Дом Джона Мастера. Он выстроил его вскоре после возвращения из Лондона.
Чарли продолжил путь через южную оконечность Манхэттена и добрался до Ист-Ривер. Над длинной линией доков и складов царила тишина, на воду легли тени от множества кораблей. Он немного прошел вдоль причалов, затем свернул на Куин-стрит. Там горели огни, и таверны еще не закрылись.
Через пятьдесят ярдов он наткнулся на какую-то фигуру, устроившуюся на земле. Это был чернокожий, завернувшийся в одеяло и приютившийся у складской стены. Он глянул на Чарли и без особой надежды протянул руку:
– Босс?
Чарли посмотрел на него. Очередная примета времени. По всему городу стесненные в средствах мелкие господа освобождали своих рабов. Это было дешевле, чем кормить их. Они были всюду: вольные чернокожие, которым не оставалось другого выхода, как попрошайничать. Или голодать. Чарли дал ему пенни. Миновав причал Шермерхорна, он вошел в большую таверну.
Там собралась приличная толпа – в основном моряки. За столом он заметил знакомого возчика. Здоровый детина, рыжие волосы. Всегда его недолюбливал. Вспомнить бы имя – тогда можно и заговорить, хотя не особенно хочется. Но возчик встал и уже направился к нему. Что ж, грубить незачем. Чарли кивнул.
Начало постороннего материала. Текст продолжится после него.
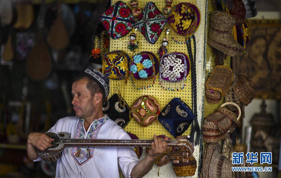 喀什古城景区“老城艾山玉山手工木器艺术品展览店”店主玉买尔江·玉山在弹奏民族乐器(7月8日摄)。 新疆素有“歌舞之乡”美誉。在喀什古城景区里,歌舞也是当地人民生活中不可缺少的一部分。欣赏独具风情的歌舞也成了游客们游览古城的重要内容。 2019年喀什古城景区旅游发展迅速。景区管委会提供的数据显示,上半年古城景区接待游客人数超过31万人次,同比增长超过九成。 新华社记者 赵戈 摄
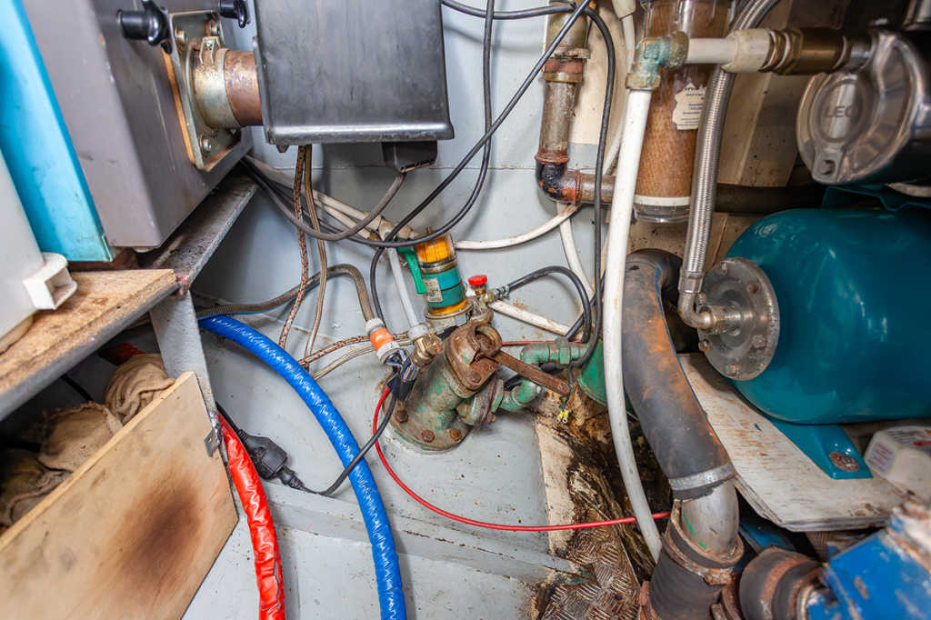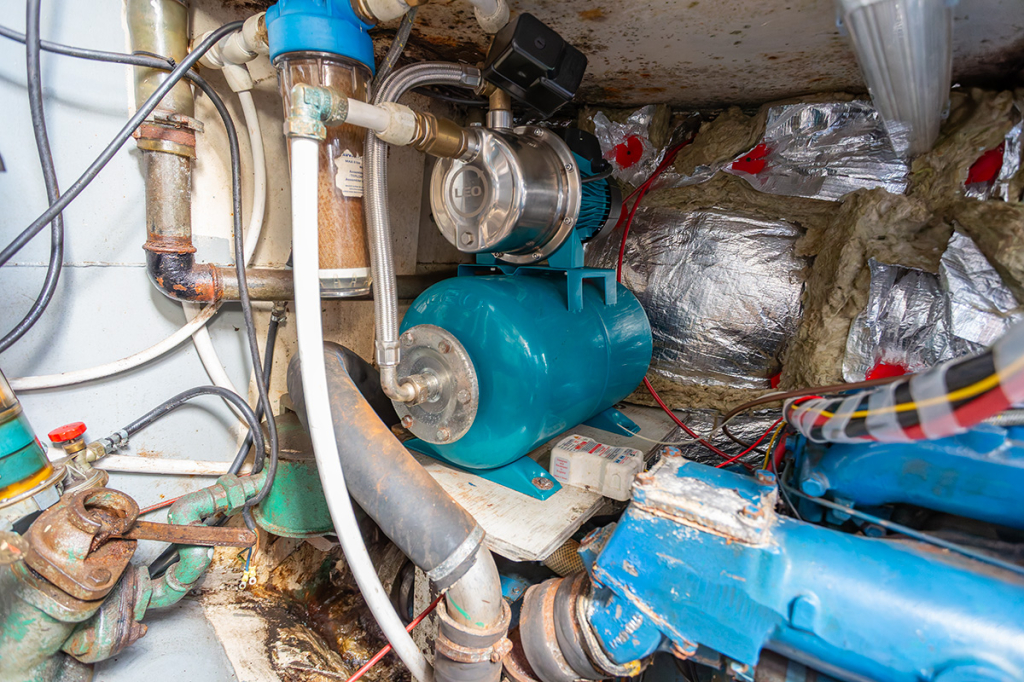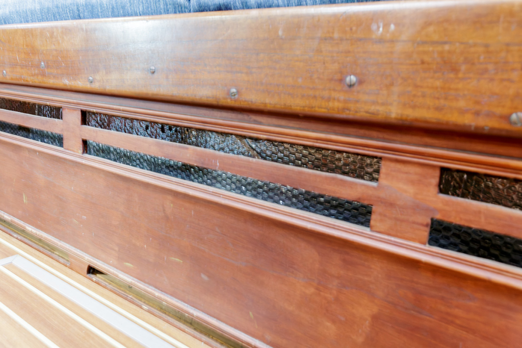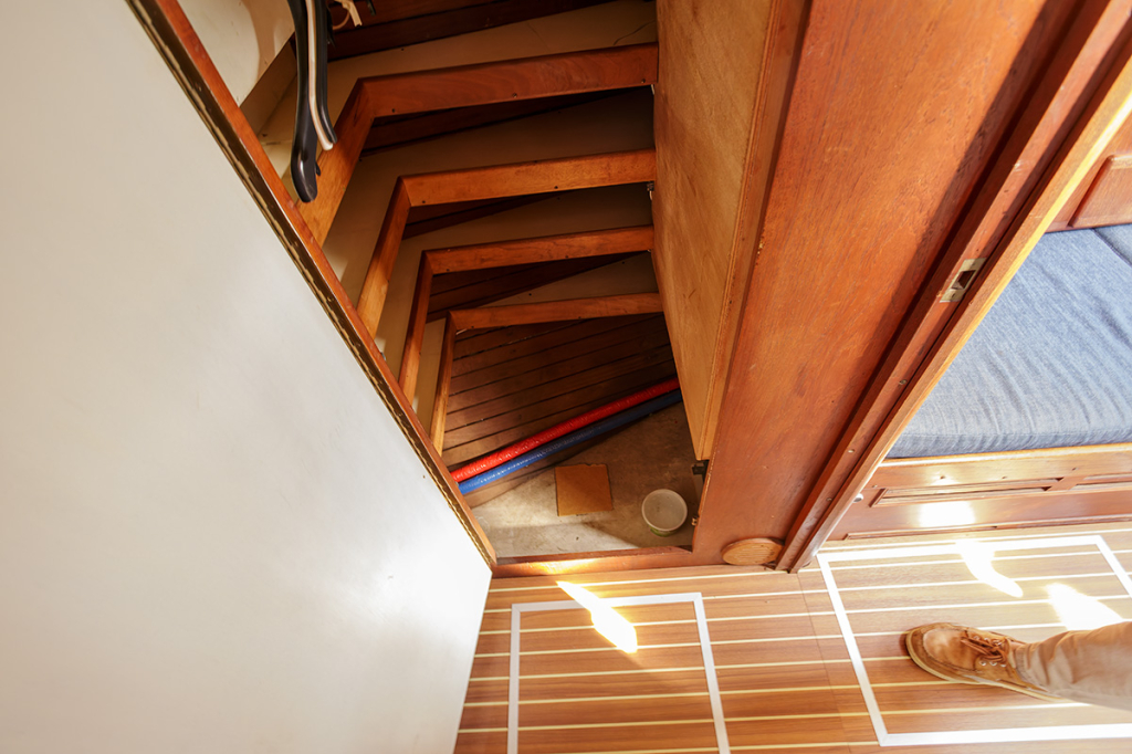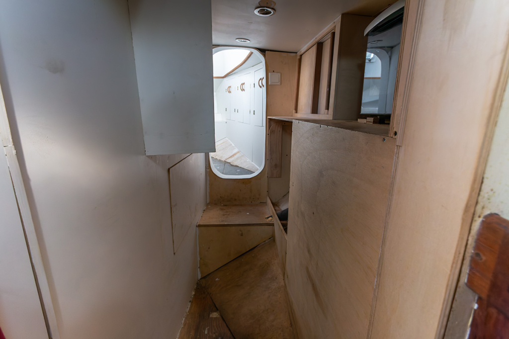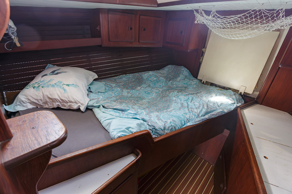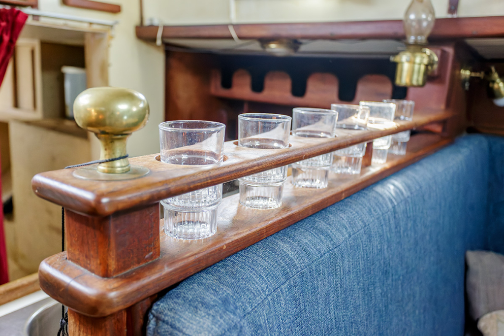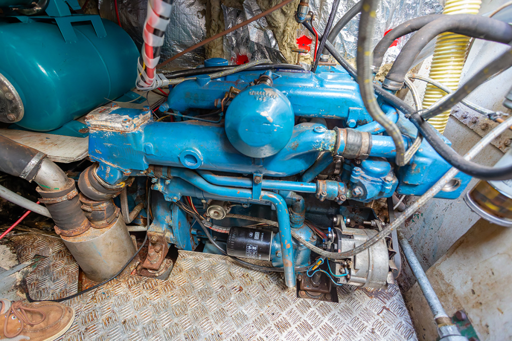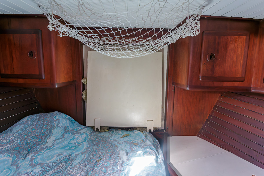 Het intérieur is in tweeën opgedeeld en is door de huidige eigenaar aangepast. De salon heeft een echte scheepse atmosfeer door het gebruik van donker teak en de vernieuwde vloer. Bij binnenkomst is links de L-vormige keuken, en rechts de navigatie hoek. Midscheeps is een ruime zithoek met banken rondom. Er is een diesel kachel met convectoren, zwaar genoeg om de hele boot te verwarmen. De voorhut met dubbel bed biedt plaats aan 2 personen. Bakboord voor is de badkamer met wastafel en elektrisch toilet op 12V. De achterhut, bereikbaar via een nieuw door de huidige eigenaar gemaakte doorgang is geschikt voor gasten/kinderen die daar een goede privé plek hebben.

Но в следующий миг обнаружил, что детина взял его за плечо. Билл. Вот как его зовут.
– Сочувствую насчет твоего пацана, Чарли, – сказал он.
– Моего пацана? Ты о Сэме? – Чарли почувствовал, что бледнеет. – А что с ним не так?
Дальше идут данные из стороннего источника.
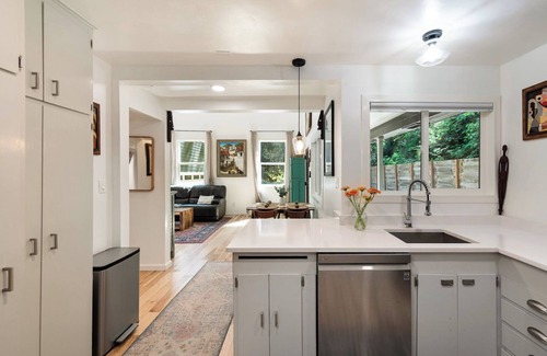 This charming retreat is nestled along Hulbert Creek in the redwoods of Guerneville, California. This 3-bedroom, 3-bathroom home offers over 1,300 square feet of cozy living space, perfect for families or groups seeking tranquility. The property boasts vaulted ceilings, a spacious deck, and a fenced yard, blending rustic charm with modern amenities. Ideal for nature lovers, it's surrounded by lush woods and close to local attractions.
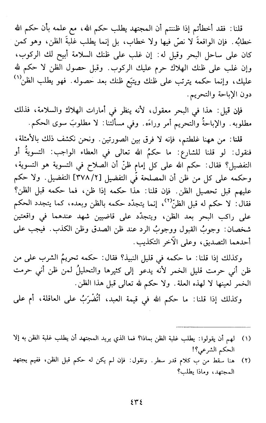 قلنا: فقد أخطأ إذ ظننتم أن المجتهد يطلب حكم الله مع علمه بأن حكم الله خطابه فإن الواقعة لا نص فيها ولا خطاب بل إنما يطلب غلبة الظن وهو كمن كان على ساحل البحر وقيل له إن غلب على ظنك السلامة أبيح لك الركوب وإن غلب على ظنك الهلاك حرم عليك الركوب وقبل حصول الظن لا حكم لله عليك وإنما حكمه يترتب على ظنك ويتبع ظنك بعد حصوله فهو يطلب الظن دون الإباحة والتحريم
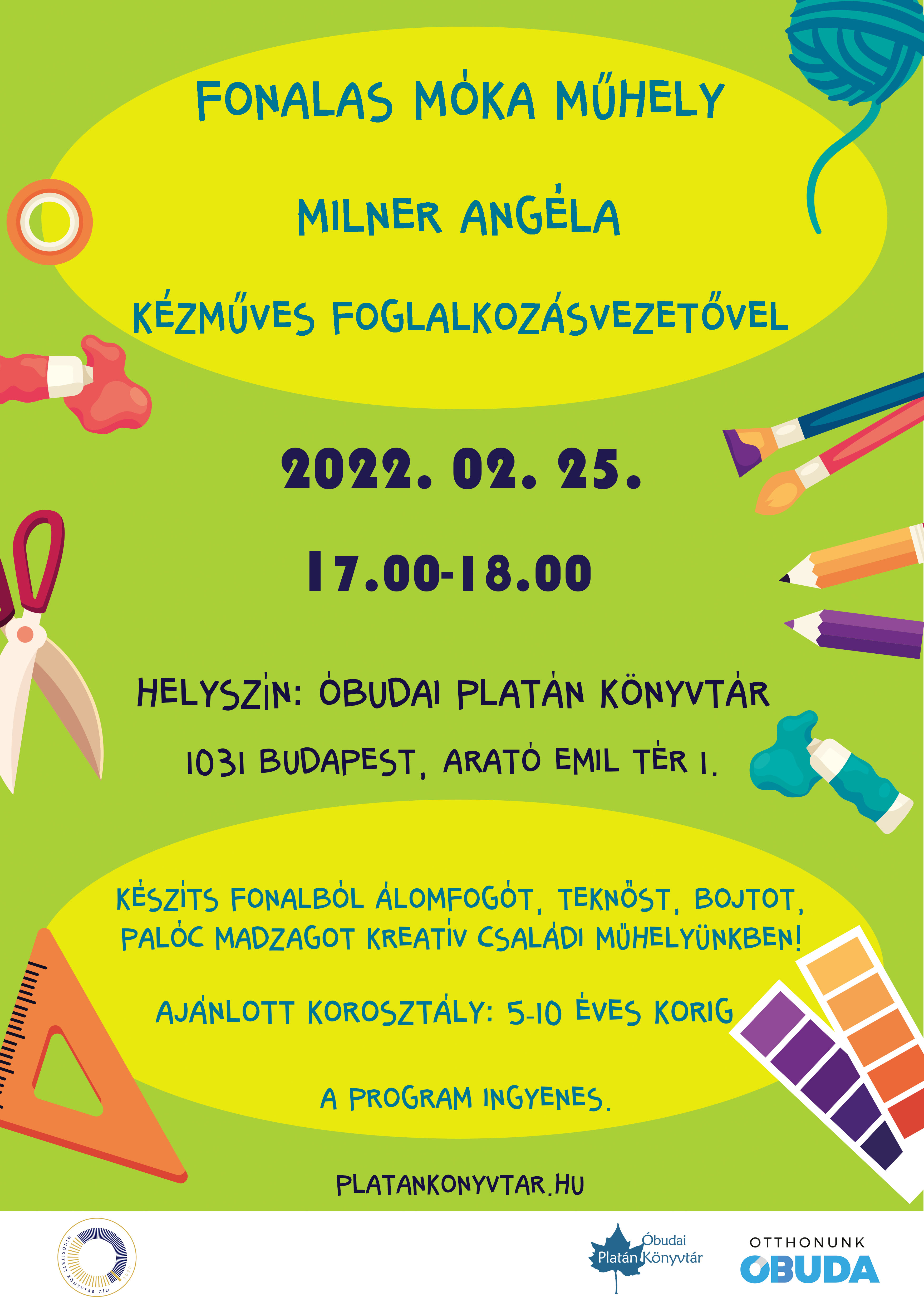Készíts fonalból álomfogót, teknőst, bojtot, palóc madzagot kreatív családi műhelyünkben! Az elkészítésében Milner Angéla foglalkozásvezető segít.

– Разве не знаешь? – удивился Билл. – Да нет же, Чарли, он не мертв, – затараторил он. – Ничего такого. Но нынче после полудня его и еще десяток таких же сцапали вербовщики во флот[32 - Принудительная вербовка в Королевский флот практиковалась в Англии до 1830 г., но в той или иной форме продолжила существовать и в дальнейшем.].
– Вербовщики?
– Они побывали здесь и смылись не поверишь как быстро. Корабль уже отплыл. Твой Сэм теперь в Королевском флоте, служит его величеству.
Чарли ощутил, как чья-то сильная рука поддержала его, иначе он и сам бы не понял, что падает.
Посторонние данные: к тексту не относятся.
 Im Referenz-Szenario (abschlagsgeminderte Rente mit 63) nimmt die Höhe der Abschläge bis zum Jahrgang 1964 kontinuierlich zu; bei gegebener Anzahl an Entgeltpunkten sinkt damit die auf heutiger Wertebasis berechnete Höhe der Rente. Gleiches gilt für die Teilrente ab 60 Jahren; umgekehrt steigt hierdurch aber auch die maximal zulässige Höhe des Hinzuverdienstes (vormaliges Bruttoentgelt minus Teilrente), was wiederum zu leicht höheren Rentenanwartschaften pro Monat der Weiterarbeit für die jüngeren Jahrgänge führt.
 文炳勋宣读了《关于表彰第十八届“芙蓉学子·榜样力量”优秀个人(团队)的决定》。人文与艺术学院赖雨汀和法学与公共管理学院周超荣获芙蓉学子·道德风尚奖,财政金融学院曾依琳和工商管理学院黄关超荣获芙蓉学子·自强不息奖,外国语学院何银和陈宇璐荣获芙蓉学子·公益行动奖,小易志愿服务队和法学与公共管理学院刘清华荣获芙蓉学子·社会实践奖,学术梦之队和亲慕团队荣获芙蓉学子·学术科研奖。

– Сядь, Чарли, сядь… Рому ему!
Раскаленная жидкость обожгла рот и согрела желудок. Чарли беспомощно обмяк, а рыжий детина устроился рядом.
И Чарли Уайт разразился бранью. Он проклял британский флот, похитивший его сына, и британское правительство, разорившее его город, проклял и губернатора, и приход церкви Троицы, и Джона Мастера с его большим домом, и его сынка в Оксфорде. Он пожелал им гореть в аду.
В ненастный весенний день несколько недель спустя Гудзон заглянул в маленькую комнату, отведенную под библиотеку, и застал Джона Мастера за дописыванием какой-то бумаги. Ему немного мешала пятилетняя девчушка, сидевшая у него на коленях.
– Папа, ну когда же мы пойдем? – спросила она.
– Скоро, Эбби, – ответил Мастер.
Тогда Гудзон шагнул вперед и осторожно снял дитя с отцовских колен.
– Я присмотрю за ней, пока вы собираетесь, – сказал он мягко, и Мастер благодарно улыбнулся. Гудзон направился в кухню, девчушка обхватила его за шею. – Пойдемте-ка, мисс Эбби, поищем печенье, – посулил он.
Абигейл не возражала. Они с Гудзоном дружили с ее рождения. Вообще говоря, ему чуть не пришлось принять роды.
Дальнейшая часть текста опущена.